■ Exercise description ■
Could you restate word for word only the lines below from the one holding "2005年から金融機関向けに" to the one holding "VS481C ATEN 4", inclusive, and leave out the pictures?

■ Material to process ■

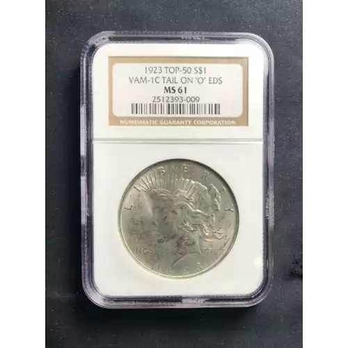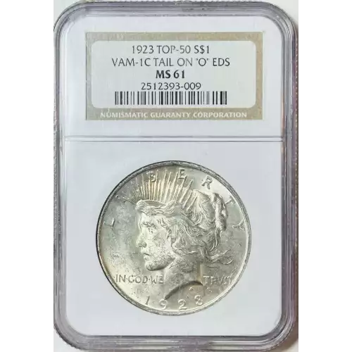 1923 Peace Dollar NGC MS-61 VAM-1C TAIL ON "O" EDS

* * *

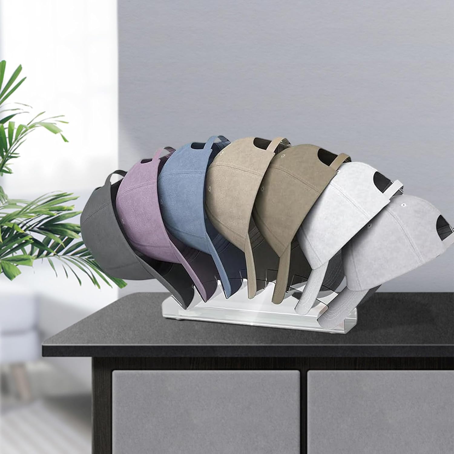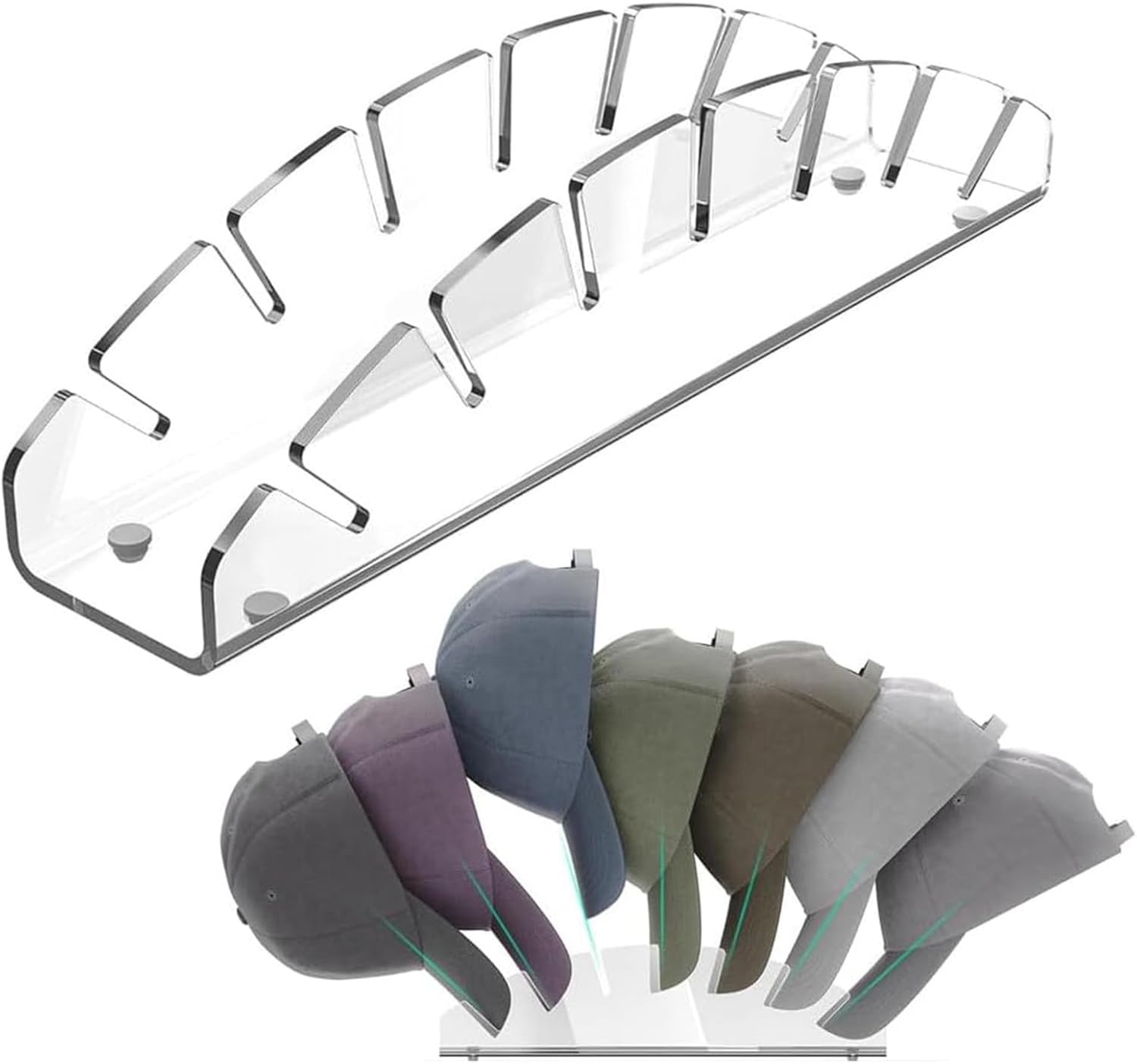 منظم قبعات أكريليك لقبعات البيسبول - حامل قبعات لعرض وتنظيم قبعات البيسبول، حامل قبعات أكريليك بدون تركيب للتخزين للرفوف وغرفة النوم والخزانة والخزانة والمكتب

* * *

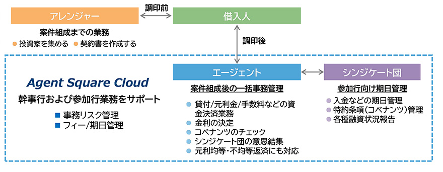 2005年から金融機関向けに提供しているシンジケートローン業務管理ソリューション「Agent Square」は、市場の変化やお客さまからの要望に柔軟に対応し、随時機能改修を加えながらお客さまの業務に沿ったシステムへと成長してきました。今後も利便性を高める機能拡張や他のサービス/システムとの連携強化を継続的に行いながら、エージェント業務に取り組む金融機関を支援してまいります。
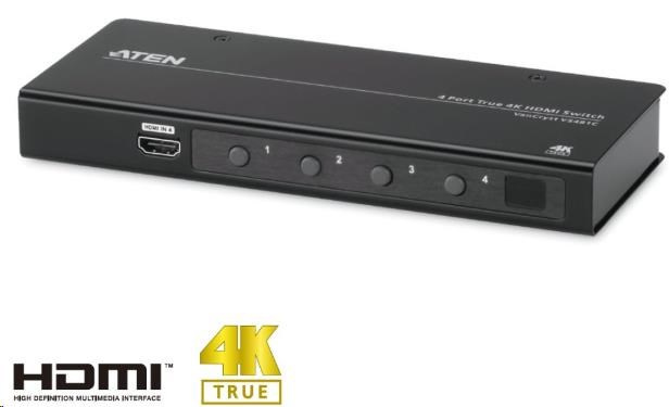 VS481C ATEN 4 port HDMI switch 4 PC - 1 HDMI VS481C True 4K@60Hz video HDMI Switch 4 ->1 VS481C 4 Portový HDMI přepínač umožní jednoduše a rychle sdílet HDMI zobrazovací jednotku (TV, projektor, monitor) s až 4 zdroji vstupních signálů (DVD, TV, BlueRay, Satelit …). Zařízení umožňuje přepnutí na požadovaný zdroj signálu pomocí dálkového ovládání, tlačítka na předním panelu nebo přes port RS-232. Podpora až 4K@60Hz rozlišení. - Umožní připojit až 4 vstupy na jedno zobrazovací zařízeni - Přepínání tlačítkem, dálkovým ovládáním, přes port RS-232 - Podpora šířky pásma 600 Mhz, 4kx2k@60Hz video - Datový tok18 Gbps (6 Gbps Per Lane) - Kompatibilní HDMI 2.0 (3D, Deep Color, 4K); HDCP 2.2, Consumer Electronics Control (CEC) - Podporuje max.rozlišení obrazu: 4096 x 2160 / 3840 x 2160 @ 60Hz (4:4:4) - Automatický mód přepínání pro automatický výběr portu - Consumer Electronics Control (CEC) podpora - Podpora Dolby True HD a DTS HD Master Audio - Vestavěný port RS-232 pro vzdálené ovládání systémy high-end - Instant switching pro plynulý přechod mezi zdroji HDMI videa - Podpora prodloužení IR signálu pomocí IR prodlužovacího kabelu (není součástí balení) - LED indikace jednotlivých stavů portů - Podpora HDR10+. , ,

■ Result ■
 2005年から金融機関向けに提供しているシンジケートローン業務管理ソリューション「Agent Square」は、市場の変化やお客さまからの要望に柔軟に対応し、随時機能改修を加えながらお客さまの業務に沿ったシステムへと成長してきました。今後も利便性を高める機能拡張や他のサービス/システムとの連携強化を継続的に行いながら、エージェント業務に取り組む金融機関を支援してまいります。
 VS481C ATEN 4 port HDMI switch 4 PC - 1 HDMI VS481C True 4K@60Hz video HDMI Switch 4 ->1 VS481C 4 Portový HDMI přepínač umožní jednoduše a rychle sdílet HDMI zobrazovací jednotku (TV, projektor, monitor) s až 4 zdroji vstupních signálů (DVD, TV, BlueRay, Satelit …). Zařízení umožňuje přepnutí na požadovaný zdroj signálu pomocí dálkového ovládání, tlačítka na předním panelu nebo přes port RS-232. Podpora až 4K@60Hz rozlišení. - Umožní připojit až 4 vstupy na jedno zobrazovací zařízeni - Přepínání tlačítkem, dálkovým ovládáním, přes port RS-232 - Podpora šířky pásma 600 Mhz, 4kx2k@60Hz video - Datový tok18 Gbps (6 Gbps Per Lane) - Kompatibilní HDMI 2.0 (3D, Deep Color, 4K); HDCP 2.2, Consumer Electronics Control (CEC) - Podporuje max.rozlišení obrazu: 4096 x 2160 / 3840 x 2160 @ 60Hz (4:4:4) - Automatický mód přepínání pro automatický výběr portu - Consumer Electronics Control (CEC) podpora - Podpora Dolby True HD a DTS HD Master Audio - Vestavěný port RS-232 pro vzdálené ovládání systémy high-end - Instant switching pro plynulý přechod mezi zdroji HDMI videa - Podpora prodloužení IR signálu pomocí IR prodlužovacího kabelu (není součástí balení) - LED indikace jednotlivých stavů portů - Podpora HDR10+. , ,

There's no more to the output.